3. **Valid Grade/Subgrade**
- `grade` in [A–G], `sub_grade` matches pattern like `B3`.
4. **Valid Term**
- `term` is between 12 and 72 months
5. **Has Employment Info**
- Non-empty `emp_title` and `emp_length` is not null.
6. **Low DTI and Home Ownership**
- `dti` < 20, `home_ownership` in [MORTGAGE, OWN], and `annual_inc` > 40,000.
7. **Established Credit History**
- `earliest_cr_line` not null and is > 10 years ago.
8. **Healthy FICO Score**
- `fico_range_low` >= 660 and `fico_range_high` <= 850.
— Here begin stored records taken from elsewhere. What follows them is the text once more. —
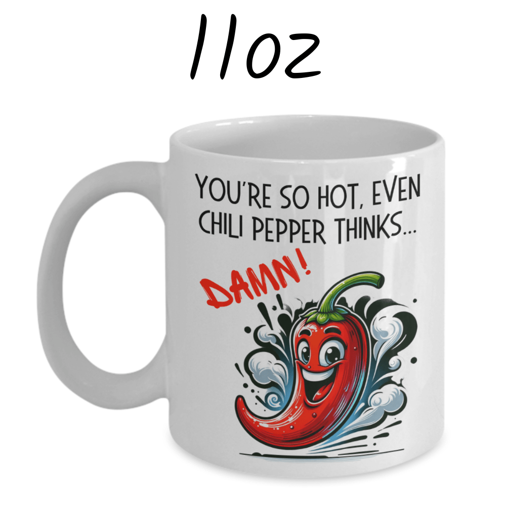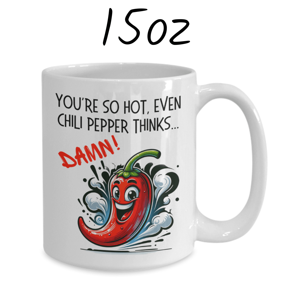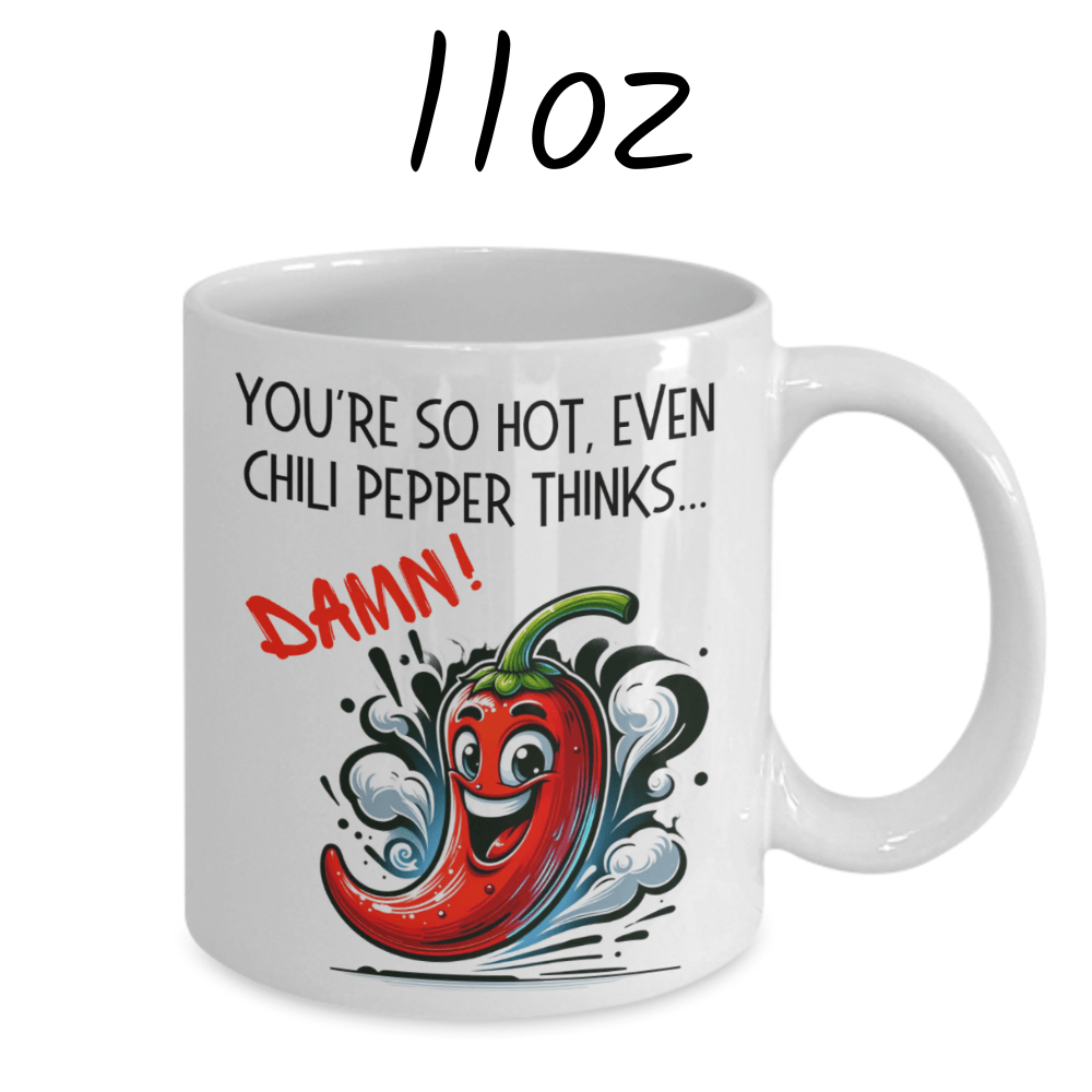 Make a bold statement with our sizzling white ceramic coffee mug, featuring the fiery phrase: "You're so hot, even chili pepper thinks...DAMN!" Whether you're celebrating an anniversary, birthday, or simply want to add some spice to your loved one's day, this mug is sure to bring a smile to their face.
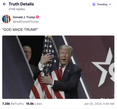Trump meanwhile posted a video on his social media platform that proclaimed “God created Trump” to be a “shepherd to mankind” who would be “willing to go into the den of vipers, call out the fake news for their tongues as sharp as the serpents” as well as “wrestle the deep state” and “wield a sword.”
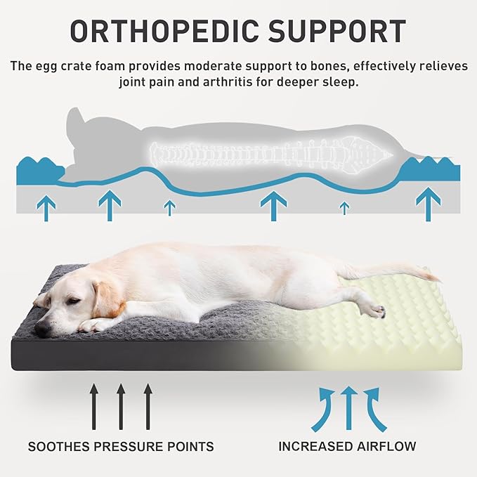 - Orthopedic Support - Our dog crate bed equips a 3-inch thick high-density egg crate foam. The excellent elasticity supporting and long-lasting recovery ability comfort our dogs with strong support to bones and joint, effectively relieve joint pain and arthritis. This dog bed is especially suitable for puppies and older dogs.
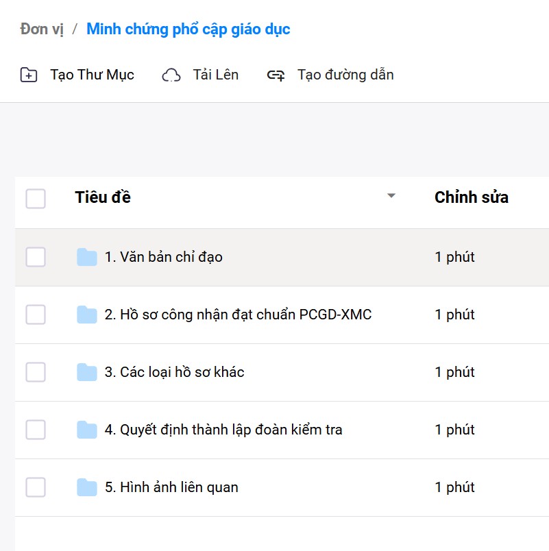 Lưu ý: Đơn vị được chia sẻ thư mục sẽ thấy các file trong thư mục, chỉ xem không có quyền xóa, thêm, chinh sửa
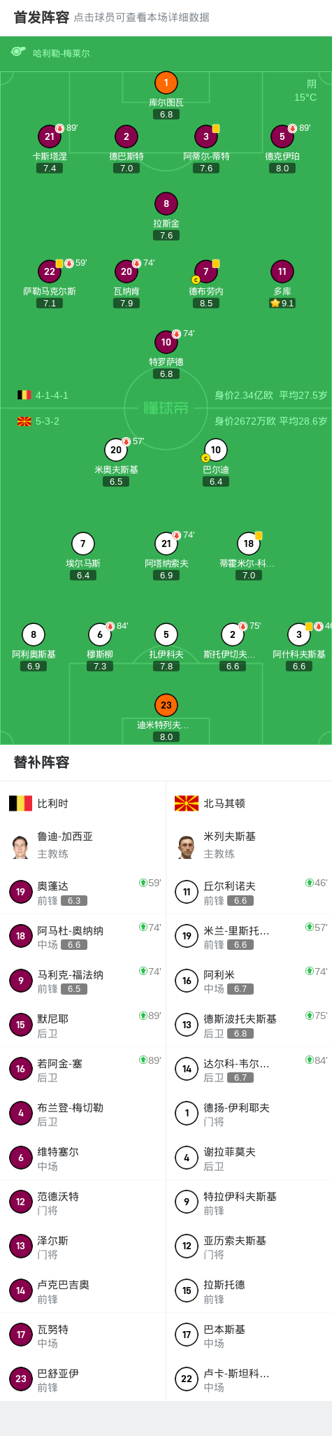 北京时间10月11日世界杯欧洲区预选赛 第一阶段小组赛 第7轮,比利时对阵北马其顿。最终比分比利时 0-0 北马其顿。
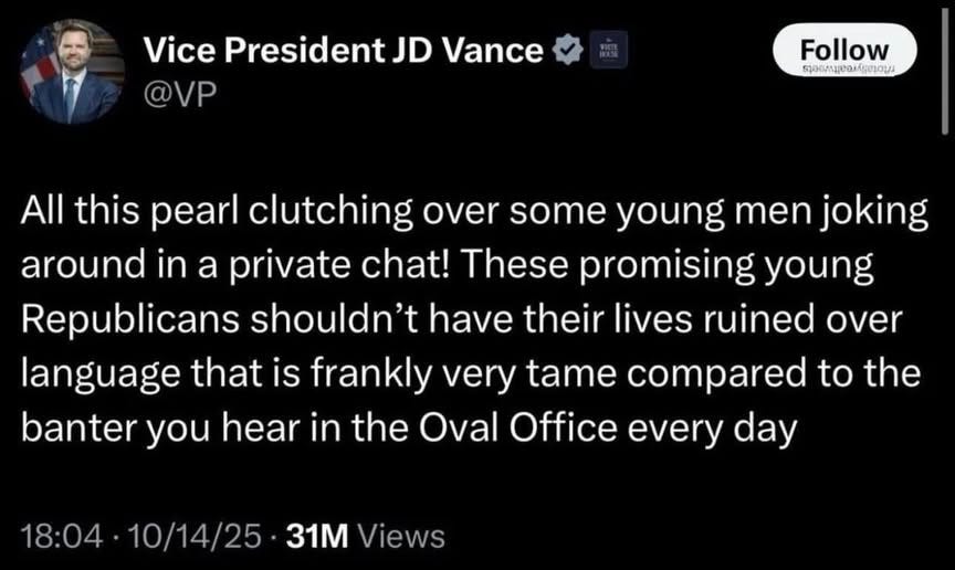 This is noteworthy, because the man second in line to the presidency put his gaslighty-arrogant-punch-me-in-the-face pants on, and said kids say dumb things all the time, and especially boys, and he was going to teach his sons not to put anything like this on the internet (how about you teach them not to be racist, bigoted lowlifes and then you won’t have to worry about what they say to friends in a group chat, JD!) because you never know when some “scumbag” is going to leak it to try to ruin you or your family.
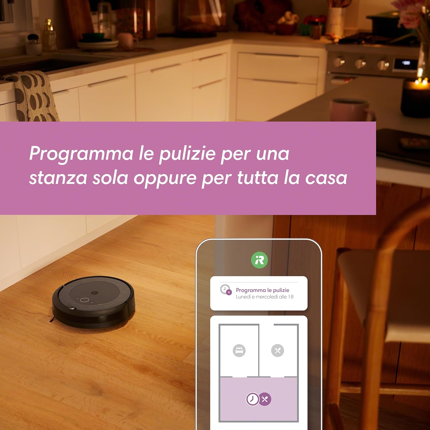 Il robot aspirapolvere e lavapavimenti Roomba Combo i5 solleva la polvere e i detriti più ostinati grazie a un potente motore di aspirazione, pulisce battiscopa, pareti e angoli con la spazzola laterale che agisce a filo parete ed evita gli accumuli di peli e capelli con le doppie spazzole in gomma multi-superficie. Con il contenitore dell'acqua e il panno in microfibra, si trasforma in un sistema lavapavimenti in grado di lasciare, a fine lavoro, il pavimento di casa lucido e splendente.
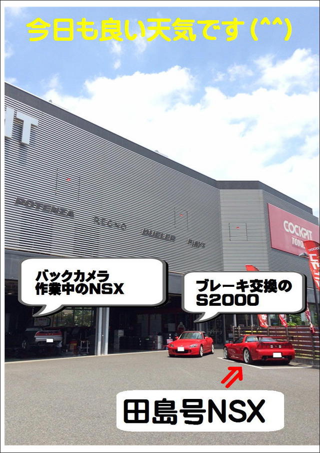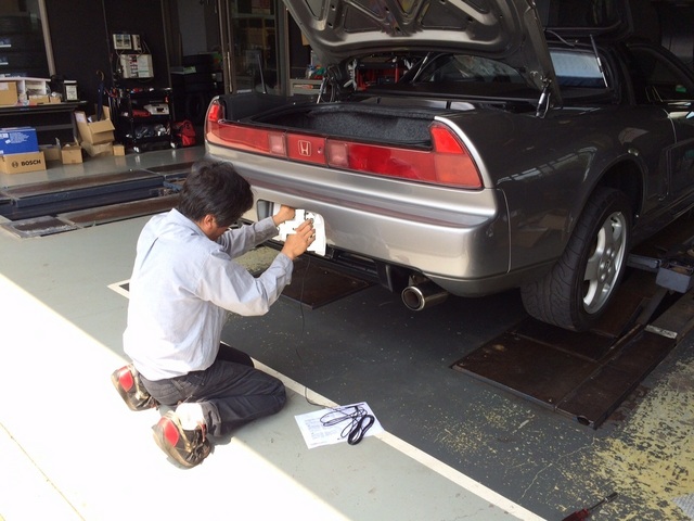 隣はNSXのバックカメラ装着、作業は現NSXオーナーの田島チーフ。
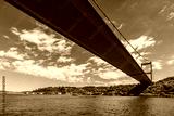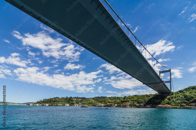 View of Fatih Sultan Mehmet Bridge which is localed on Bosphorus strait . Ships passing through bridge connecting Europe and Asia. Sunny day with background of cloudy blue sky. Istanbul. Turkey.
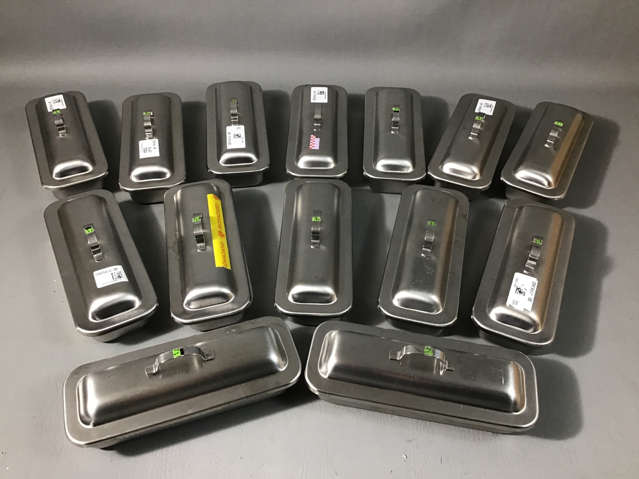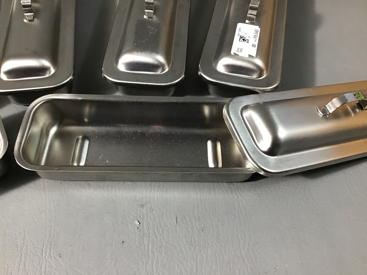 - Stainless Steel Tray with Lid: Lot of 14 Height: 2 inches Width: 3.5 inches Length: 9 inches Weight: 1 lbs
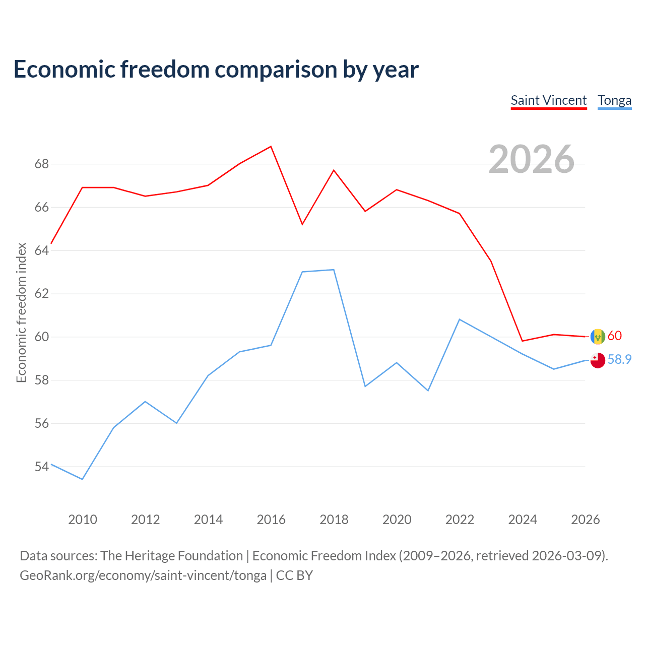 The Economic Freedom Index for Saint Vincent is 60, ranking 98/197, compared to 58.9 for Tonga, ranking 107/197. The chart above displays a comparison of annual changes in economic freedom indexes.

9. **Has Sufficient Accounts**
- `total_acc` >= 5 and `open_acc` >= 2.
10. **Valid Income**
- `annual_inc` > 30,000.
## Additional Data to Store
- `avg_cur_bal`
- `application_type`
- `annual_inc_joint` if type: `Joint App`
- `tot_coll_amt`
- `acc_now_delinq`
## Contributing
This project is an experiment and demonstration. Feel free to fork it and adapt it to your needs. If you have suggestions for improvements, please open an issue or submit a pull request.
## License
This project is licensed under the terms found in the LICENSE file in the root of this repository.